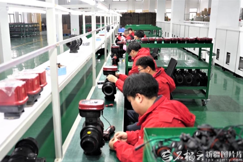 在新疆慧尔智联技术有限公司玛纳斯县分公司生产车间,工人们正在加紧生产智慧电动球阀。张伟继摄
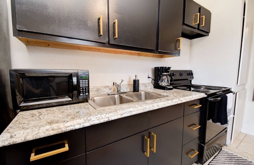 The Monochromatic Modern Studio is located behind the main house & recently re-designed to create the ultimate Lubbock Airbnb experience! The black & white theme makes for a sleek & sophisticated look while the decor reflects the southern charm of Lubbock. Find yourself at home with the amenities provided such as quality coffee, WIFI, a flat-screen TV with Roku (Netflix, Amazon Prime), & a private patio with seating, sunshade canopy, & string lighting for you to enjoy the outdoors comfortably.
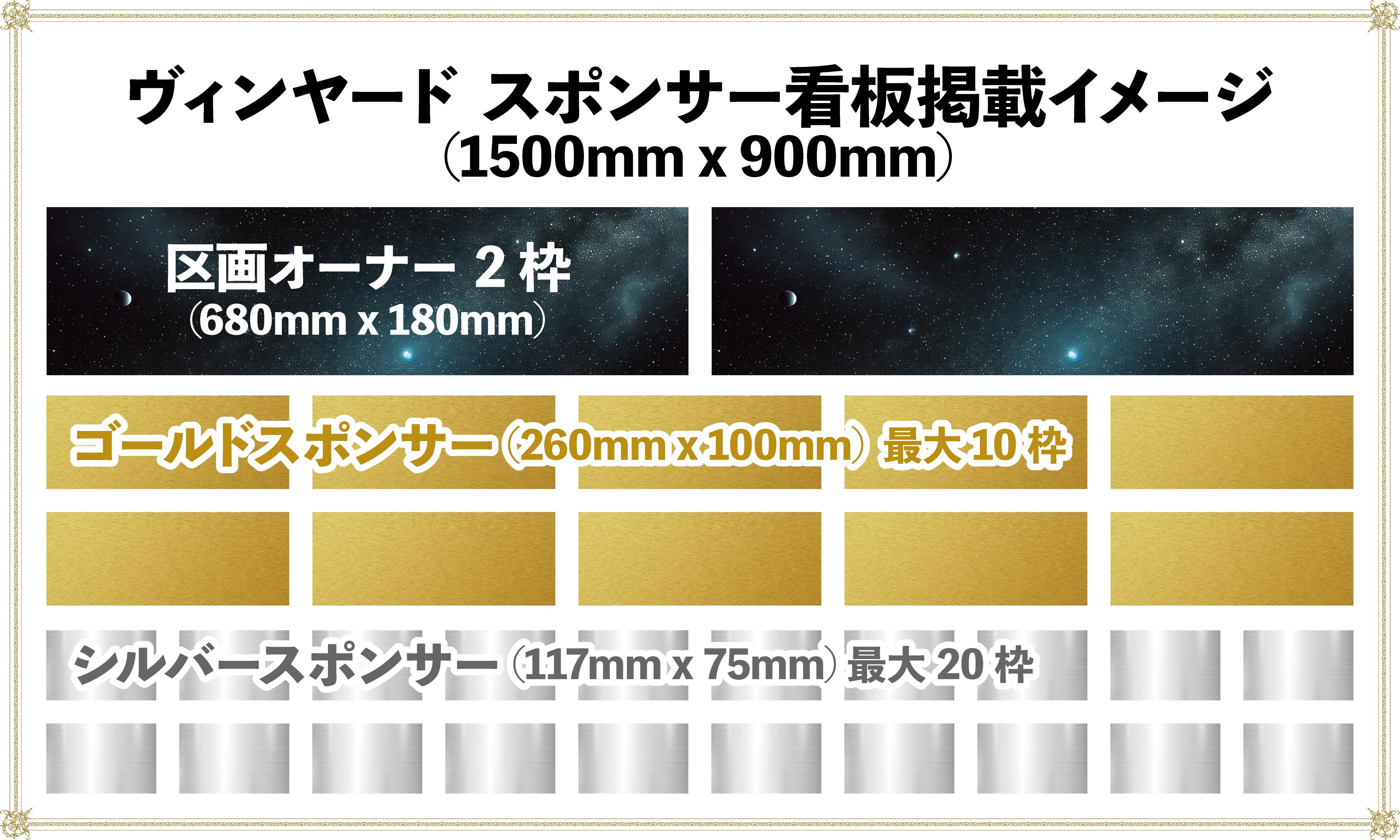ヴィンヤード(ブドウ畑)へのスポンサードになります。現地での看板ほか、ウェブサイト(企画中)等にもスポンサーとして「個人名または団体・サービス名」を掲載致します。
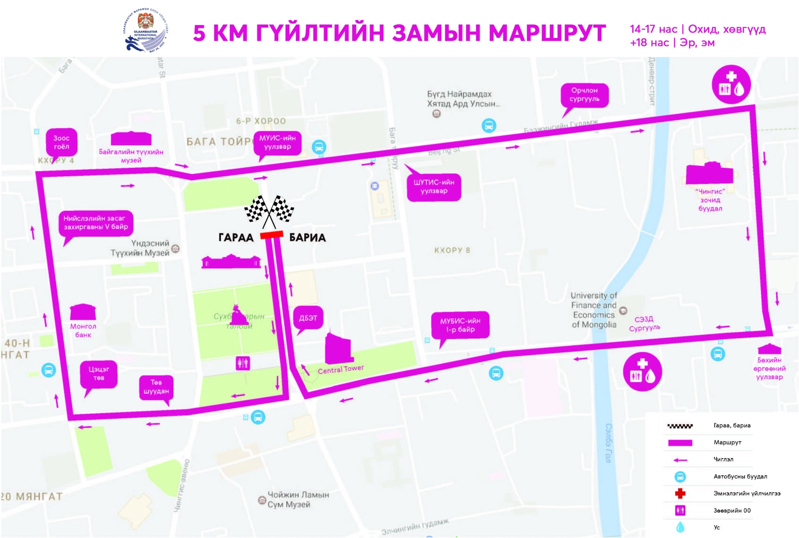 5000 м: /ГАРАА/ - Д.Сүхбаатарын талбай - Төв шуудан - Энхтайваны өргөн чөлөө - Цэцэг төв - Зоос гоёл - МУИС - Бээжингийн гудамж - Чингис зочид буудал - Бөхийн өргөө - Энхтайваны өргөн чөлөө - СЭЗИС - МУБИС - Дуурь бүжгийн эрдмийн театр – Д.Сүхбаатарын талбай /БАРИА/
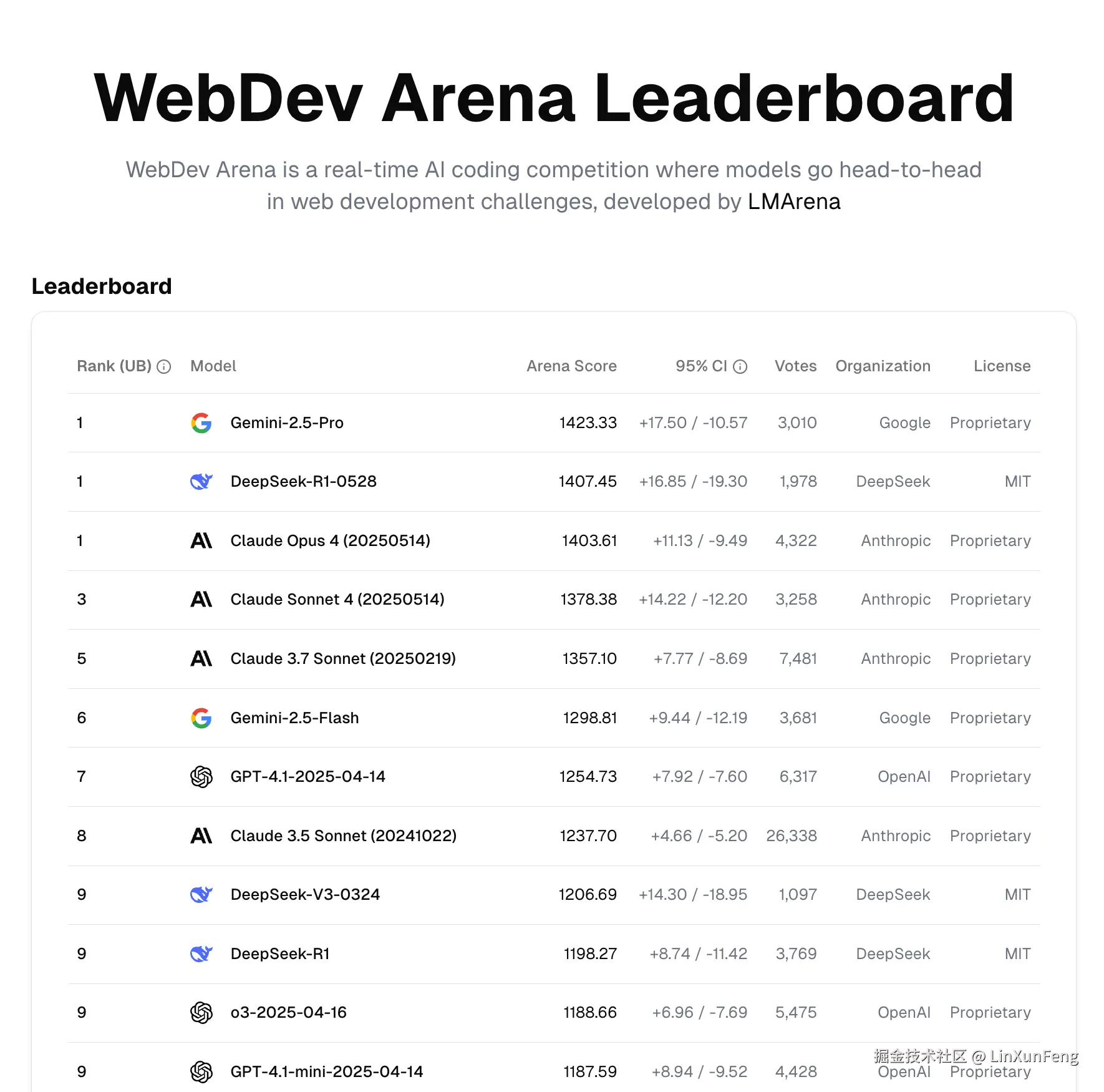 Gemini 2.5 Pro 在编码上的能力,我们可以参考 web.lmarena.ai/leaderboard 上查看排名。
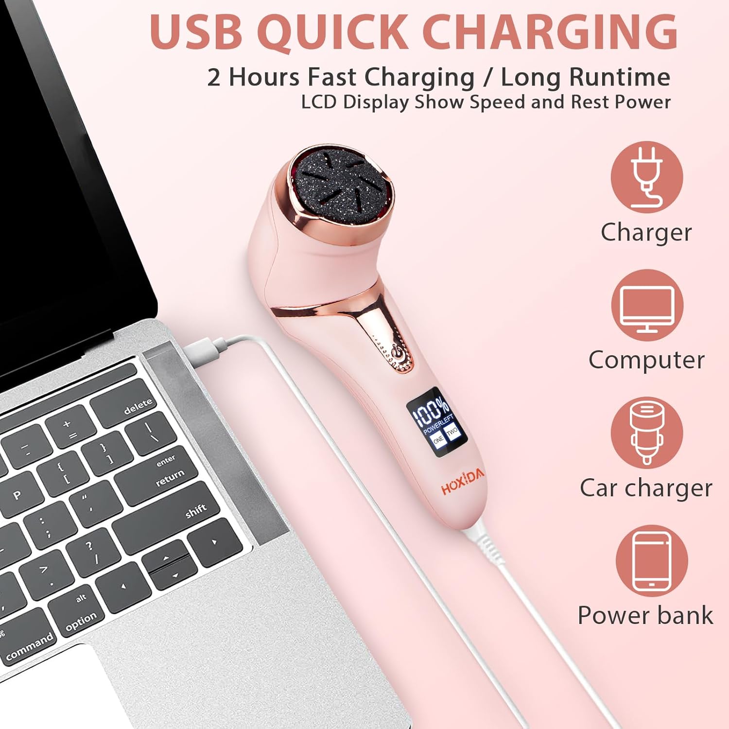 - Rechargeable, Long-Lasting, Easy to Use ----Included USB charging cable, This electric foot file can be charged via any USB port, and have a long runtime 2hours after full charged .and this dead skin remover for feet have LCD Power display let you clear know the rest power it left. remind you charge in time

* * * * *

> **What you are asked to do**
From the first line to the last, set down the records above exactly and skip the pictures.

> **Written response**
 在新疆慧尔智联技术有限公司玛纳斯县分公司生产车间,工人们正在加紧生产智慧电动球阀。张伟继摄
 The Monochromatic Modern Studio is located behind the main house & recently re-designed to create the ultimate Lubbock Airbnb experience! The black & white theme makes for a sleek & sophisticated look while the decor reflects the southern charm of Lubbock. Find yourself at home with the amenities provided such as quality coffee, WIFI, a flat-screen TV with Roku (Netflix, Amazon Prime), & a private patio with seating, sunshade canopy, & string lighting for you to enjoy the outdoors comfortably.
ヴィンヤード(ブドウ畑)へのスポンサードになります。現地での看板ほか、ウェブサイト(企画中)等にもスポンサーとして「個人名または団体・サービス名」を掲載致します。
 5000 м: /ГАРАА/ - Д.Сүхбаатарын талбай - Төв шуудан - Энхтайваны өргөн чөлөө - Цэцэг төв - Зоос гоёл - МУИС - Бээжингийн гудамж - Чингис зочид буудал - Бөхийн өргөө - Энхтайваны өргөн чөлөө - СЭЗИС - МУБИС - Дуурь бүжгийн эрдмийн театр – Д.Сүхбаатарын талбай /БАРИА/
 Gemini 2.5 Pro 在编码上的能力,我们可以参考 web.lmarena.ai/leaderboard 上查看排名。
 - Rechargeable, Long-Lasting, Easy to Use ----Included USB charging cable, This electric foot file can be charged via any USB port, and have a long runtime 2hours after full charged .and this dead skin remover for feet have LCD Power display let you clear know the rest power it left. remind you charge in time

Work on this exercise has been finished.